The overarching hypothesis of this project is that regional differences in community-level processes are driven by very different patterns of population connectivity and recruitment in a few key species, and that these differences are ultimately caused by regional variation in temperature and food availability and mediated by physical larval transport processes. Hence, the project will test the following hypotheses with manipulative field experiments, field sampling, connectivity estimates, and integrative modeling:
1) Locally-dispersing species dominate dynamics in regions with a net export of planktonic larvae (Northern GoM), while species with planktonic larvae dominate the dynamics in regions with high settlement and extensive connectivity among populations (Southern GoM).

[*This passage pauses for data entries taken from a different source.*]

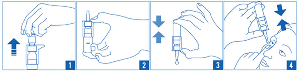 5. Для закапывания средства один раз нажмите на флакон (рис. 4). Благодаря специально разработанному механизму флакона, при каждом нажатии выделяется одна капля. Закройте глаза и медленно поводите глазами во все стороны, чтобы раствор равномерно распределился по поверхности глаза.
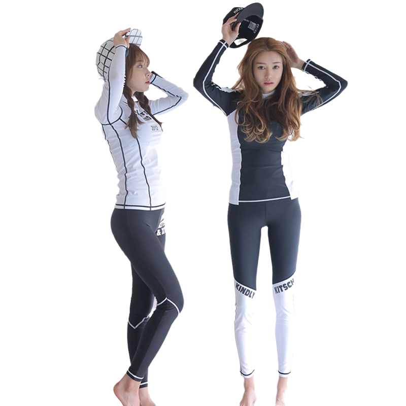 South Korean sunscreen long sleeve two-piece swimsuit women's black and white collage conservative high collar long pants with slim cover surf diving suit
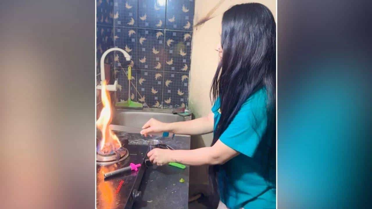 सोशल मीडियावर तुफान व्हायरल होत असलेल्या या व्हिडिओमध्ये तुम्ही पाहिलात तर एक महिला हातात चिमटा घेऊन किचनमध्ये उभी आहे. त्यानंतर ही महिला किचन मध्ये असलेला गॅस चालू करते आणि त्या आगीवर चिमटा गरम करते आणि स्वतःच्या केसांवर हेअर स्ट्रेटनरप्रमाणे फिरवते. मात्र हा देशी जुगाड करताना या महिलेचे केस काही स्ट्रेट होत तर नाही, पण या आगळ्यावेगळ्या जुगाडांमुळे जे काही झालं त्याचा या महिलेने कधी स्वप्नात सुद्धा विचार केला नसेल.
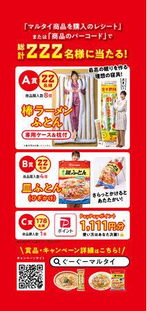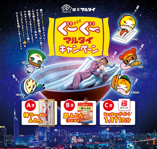 今回のキャンペーンタイトル“ぐーぐーZZZ”は、「寝る」と「食べる」の幸せ要求を満たすタイトルです。“腹ペコのぐーぐー ”、 “睡眠のぐーぐー ”、そして“マルタイがgoodでぐーぐー!”の3つの意味をぐぐっと詰め込んでいます。棒ラーメンをはじめとするマルタイ商品をお腹いっぱい食べ、心も体もゆっくり休めるあったか快眠グッズで、マルタイファミリーと一緒に、リラックスしたぐーぐーなひとときを過ごしていただきますZZZ
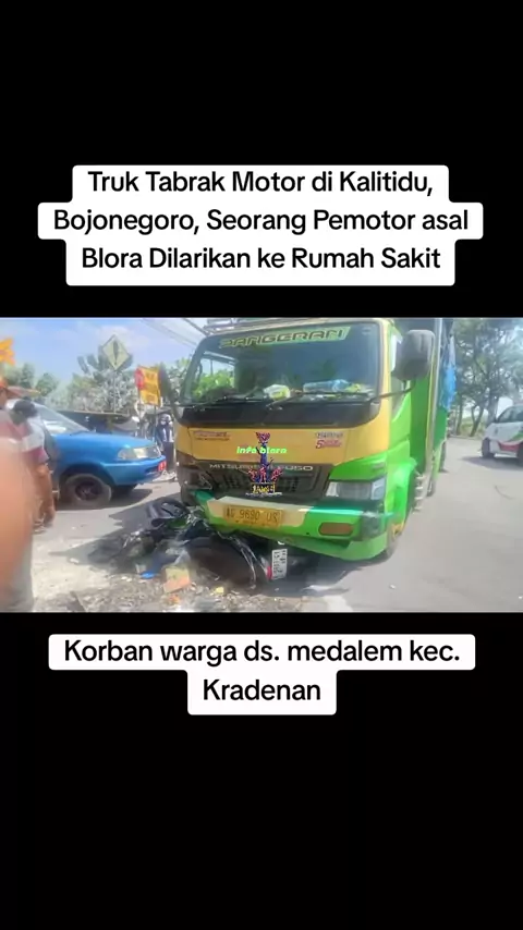 Kecelakaan lalu-lintas antara truk dan sepeda motor terjadi di Jalan Raya Bojonegoro-Cepu, turut wilayah Desa Ngujo, Kecamatan Kalitidu, Kabupaten Bojonegoro, Jawa Timur. Selasa (15/07/2025) pukul 11.00 WIB. Sepeda motor Honda Supra yang hendak belok ke kanan, ditabrak truk Mitsubishi yang berjalan dari arah belakang. Akibatnya, pengendara sepeda motor mengalami luka-luka dan dibawa ke Rumah Sakit Umum Daerah (RSUD) dr Sosodoro Djatikoesoemo Bojonegoro. Kedua kendaraan yang terlibat kecelakaan ...

2) Settlement density of species with planktonic larvae increases from northern to southern regions in accord with regional variation in food availability.
3) Population connectivity varies greatly among regions, with regions differing in the degree to which they are self-seeded or serve as larval sources vs. sinks; self-seeding leads to relatively localized population dynamics in the middle portion of the GoM.
4) Patterns of population connectivity are driven by physical transport processes and can be represented by coupling basic larval behavior models with circulation models.
At 18 different sites in the GoM across ~ 600 km, surveys will evaluate variation in recruitment, food availability and secondary productivity and experiments will assess community processes in wave-exposed and sheltered habitats. We will use hydrographic, current profile, and larval vertical distribution surveys to collect data for coupled larval/circulation models. Population connectivity will be both modeled and empirically evaluated (for one species) using elemental fingerprinting. A spatially explicit metacommunity model will integrate across all project components and test the relative importance of regional and local processes in controlling community organization and dynamics.